AKARI observations of ice absorption bands towards edge-on YSOs

TL;DR

This study used AKARI's NIR spectroscopy to analyze ice absorption bands around low-mass YSOs, revealing molecular compositions and distributions in different evolutionary stages and disk orientations.

Contribution

First comprehensive NIR spectral analysis of ice features in edge-on YSOs across multiple classes, linking ice composition to protostellar environment and evolution.

Findings

Detection of H2O, CO2, CO, and XCN ice bands in class 0-I sources.

Column density ratios of CO2 and CO ices relative to H2O are quantified.

Tentative detection of HDO, OCS, and CO gas features in specific YSOs.

Abstract

To investigate the composition and evolution of circumstellar ice around low-mass YSOs, we observed ice absorption bands in the near infrared (NIR) towards eight YSOs ranging from class 0 to class II, among which seven are associated with edge-on disks.

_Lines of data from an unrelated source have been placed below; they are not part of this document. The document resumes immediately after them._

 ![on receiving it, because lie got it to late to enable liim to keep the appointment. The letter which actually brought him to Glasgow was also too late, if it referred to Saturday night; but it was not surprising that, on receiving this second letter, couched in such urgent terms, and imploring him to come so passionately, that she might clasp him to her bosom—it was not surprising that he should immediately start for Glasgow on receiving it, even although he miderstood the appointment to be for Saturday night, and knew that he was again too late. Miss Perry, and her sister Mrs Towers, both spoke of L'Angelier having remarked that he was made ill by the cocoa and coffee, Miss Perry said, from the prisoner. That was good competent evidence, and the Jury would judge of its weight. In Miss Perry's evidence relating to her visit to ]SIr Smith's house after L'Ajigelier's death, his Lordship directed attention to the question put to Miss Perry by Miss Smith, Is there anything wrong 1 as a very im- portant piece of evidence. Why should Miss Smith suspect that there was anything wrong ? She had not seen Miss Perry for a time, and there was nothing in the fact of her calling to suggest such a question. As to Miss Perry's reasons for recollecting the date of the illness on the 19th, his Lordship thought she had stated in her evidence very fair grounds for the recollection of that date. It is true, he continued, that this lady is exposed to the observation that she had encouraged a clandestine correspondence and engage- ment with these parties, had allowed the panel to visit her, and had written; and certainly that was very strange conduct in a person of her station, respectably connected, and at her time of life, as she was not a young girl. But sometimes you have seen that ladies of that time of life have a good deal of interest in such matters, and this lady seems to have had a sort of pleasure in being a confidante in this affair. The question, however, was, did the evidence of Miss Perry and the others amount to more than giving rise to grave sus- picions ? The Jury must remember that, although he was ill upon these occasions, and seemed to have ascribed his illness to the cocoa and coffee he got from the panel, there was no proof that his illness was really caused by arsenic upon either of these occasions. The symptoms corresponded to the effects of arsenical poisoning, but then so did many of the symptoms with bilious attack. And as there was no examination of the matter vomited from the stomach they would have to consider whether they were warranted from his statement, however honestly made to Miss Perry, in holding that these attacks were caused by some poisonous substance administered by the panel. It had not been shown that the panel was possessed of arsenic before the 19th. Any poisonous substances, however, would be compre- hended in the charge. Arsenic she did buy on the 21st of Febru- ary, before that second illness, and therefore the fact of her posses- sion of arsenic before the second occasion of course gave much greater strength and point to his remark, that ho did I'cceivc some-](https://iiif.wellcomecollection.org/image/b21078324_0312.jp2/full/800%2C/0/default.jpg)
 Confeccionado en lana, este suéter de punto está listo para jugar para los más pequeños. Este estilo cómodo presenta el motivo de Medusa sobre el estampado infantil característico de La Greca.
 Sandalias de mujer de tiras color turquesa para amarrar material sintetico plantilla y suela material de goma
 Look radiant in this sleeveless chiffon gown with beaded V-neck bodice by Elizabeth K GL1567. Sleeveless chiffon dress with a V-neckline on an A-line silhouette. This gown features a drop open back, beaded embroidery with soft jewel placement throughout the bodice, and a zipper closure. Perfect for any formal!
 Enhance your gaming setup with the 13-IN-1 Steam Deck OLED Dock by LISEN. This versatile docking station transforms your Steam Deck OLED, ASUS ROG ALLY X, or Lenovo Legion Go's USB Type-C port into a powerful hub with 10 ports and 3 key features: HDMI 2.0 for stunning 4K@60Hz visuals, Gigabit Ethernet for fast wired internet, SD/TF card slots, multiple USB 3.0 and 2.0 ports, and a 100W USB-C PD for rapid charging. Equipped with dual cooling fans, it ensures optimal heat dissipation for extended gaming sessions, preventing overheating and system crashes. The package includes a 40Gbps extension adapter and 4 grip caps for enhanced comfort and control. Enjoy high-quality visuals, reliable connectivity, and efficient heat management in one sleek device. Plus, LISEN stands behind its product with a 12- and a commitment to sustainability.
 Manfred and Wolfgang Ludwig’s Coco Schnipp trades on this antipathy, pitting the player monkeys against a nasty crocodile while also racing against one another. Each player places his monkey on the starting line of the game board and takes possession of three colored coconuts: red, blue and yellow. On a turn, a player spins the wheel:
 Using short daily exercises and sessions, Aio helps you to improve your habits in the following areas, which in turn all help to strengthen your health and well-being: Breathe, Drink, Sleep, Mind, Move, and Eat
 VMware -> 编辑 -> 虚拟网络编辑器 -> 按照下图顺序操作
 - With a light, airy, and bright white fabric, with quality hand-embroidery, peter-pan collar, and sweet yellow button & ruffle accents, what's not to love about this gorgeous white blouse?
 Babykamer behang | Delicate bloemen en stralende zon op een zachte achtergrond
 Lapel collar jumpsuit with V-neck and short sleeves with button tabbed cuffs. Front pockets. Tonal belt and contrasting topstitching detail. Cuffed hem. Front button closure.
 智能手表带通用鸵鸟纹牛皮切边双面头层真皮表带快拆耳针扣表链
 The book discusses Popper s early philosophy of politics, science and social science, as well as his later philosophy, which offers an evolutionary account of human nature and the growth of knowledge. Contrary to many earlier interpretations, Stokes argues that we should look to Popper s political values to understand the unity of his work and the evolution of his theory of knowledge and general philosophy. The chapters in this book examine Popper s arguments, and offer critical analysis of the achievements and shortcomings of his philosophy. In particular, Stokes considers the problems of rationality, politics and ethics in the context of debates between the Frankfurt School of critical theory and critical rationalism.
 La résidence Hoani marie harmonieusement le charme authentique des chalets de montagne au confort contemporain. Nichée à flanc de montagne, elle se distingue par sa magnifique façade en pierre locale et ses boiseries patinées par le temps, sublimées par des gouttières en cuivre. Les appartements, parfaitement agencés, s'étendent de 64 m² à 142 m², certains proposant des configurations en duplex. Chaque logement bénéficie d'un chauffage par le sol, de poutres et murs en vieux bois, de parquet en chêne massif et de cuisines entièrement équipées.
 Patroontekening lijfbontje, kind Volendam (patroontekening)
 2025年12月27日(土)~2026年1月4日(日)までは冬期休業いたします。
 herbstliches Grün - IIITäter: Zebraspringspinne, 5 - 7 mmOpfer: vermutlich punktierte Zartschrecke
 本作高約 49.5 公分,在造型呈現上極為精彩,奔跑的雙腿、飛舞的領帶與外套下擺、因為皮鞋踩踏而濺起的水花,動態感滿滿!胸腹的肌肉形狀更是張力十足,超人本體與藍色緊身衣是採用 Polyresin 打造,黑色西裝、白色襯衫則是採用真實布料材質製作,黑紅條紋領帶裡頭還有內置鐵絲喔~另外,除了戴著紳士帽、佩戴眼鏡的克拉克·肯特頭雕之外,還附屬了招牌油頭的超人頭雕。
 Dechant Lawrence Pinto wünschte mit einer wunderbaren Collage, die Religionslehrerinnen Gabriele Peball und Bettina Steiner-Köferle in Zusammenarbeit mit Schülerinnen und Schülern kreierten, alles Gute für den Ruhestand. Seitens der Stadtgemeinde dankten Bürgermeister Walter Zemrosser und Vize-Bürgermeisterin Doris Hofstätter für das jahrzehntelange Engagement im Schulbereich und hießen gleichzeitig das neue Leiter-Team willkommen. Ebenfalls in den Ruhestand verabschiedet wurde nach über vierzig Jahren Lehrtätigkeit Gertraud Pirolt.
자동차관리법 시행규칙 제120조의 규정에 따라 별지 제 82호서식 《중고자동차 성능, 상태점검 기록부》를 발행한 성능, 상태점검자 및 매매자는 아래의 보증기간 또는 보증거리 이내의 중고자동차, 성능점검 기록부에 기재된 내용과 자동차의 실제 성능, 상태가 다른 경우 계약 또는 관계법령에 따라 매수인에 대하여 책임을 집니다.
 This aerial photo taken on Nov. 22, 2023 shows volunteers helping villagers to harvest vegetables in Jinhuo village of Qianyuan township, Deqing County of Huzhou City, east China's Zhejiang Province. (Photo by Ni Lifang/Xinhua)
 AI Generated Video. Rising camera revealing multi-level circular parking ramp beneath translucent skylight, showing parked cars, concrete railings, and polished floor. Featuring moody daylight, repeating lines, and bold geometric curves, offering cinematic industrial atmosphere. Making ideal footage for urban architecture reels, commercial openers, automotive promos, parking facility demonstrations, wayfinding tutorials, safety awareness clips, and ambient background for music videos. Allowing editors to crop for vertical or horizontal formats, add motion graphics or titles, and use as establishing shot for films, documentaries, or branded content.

We performed slit-less spectroscopic observations using the grism mode of the Infrared Camera (IRC) on board AKARI, which enables us to obtain full NIR spectra from 2.5 $\mu$m to 5 $\mu$m. The spectra were fitted with polynomial baselines to derive the absorption spectra. The molecular absorption bands were then fitted with the laboratory database of ice absorption bands, considering the instrumental line profile and the spectral resolution of the grism dispersion element. Towards the class 0-I sources (L1527, IRC-L1041-2, and IRAS04302), absorption bands of H$_2$O, CO$_2$, CO, and XCN are clearly detected. Column density ratios of CO$_2$ ice and CO ice relative to H$_2$O ice are 21-28% and 13-46%, respectively. If XCN is OCN$^-$, its column density is as high as 2-6% relative to H$_2$O ice. The HDO ice feature at 4.1 $\mu$m is tentatively detected towards the class 0-I sources and HV Tau. Non-detections of the CH-stretching mode features around 3.5 $\mu$m provide upper limits to the CH$_3$OH abundance of 26% (L1527) and 42% (IRAS04302) relative to H$_2$O. We tentatively detect OCS ice absorption towards IRC-L1041-2. Towards class 0-I sources, the detected features should mostly originate in the cold envelope, while CO gas and OCN$^-$ could originate in the region close to the protostar, where there are warm temperatures and UV radiation. We detect H$_2$O ice band towards ASR41 and 2MASSJ1628137-243139, which are edge-on class II disks. We also detect H$_2$O ice and CO$_2$ ice towards HV Tau, HK Tau, and UY Aur, and tentatively detect CO gas features towards HK Tau and UY Aur.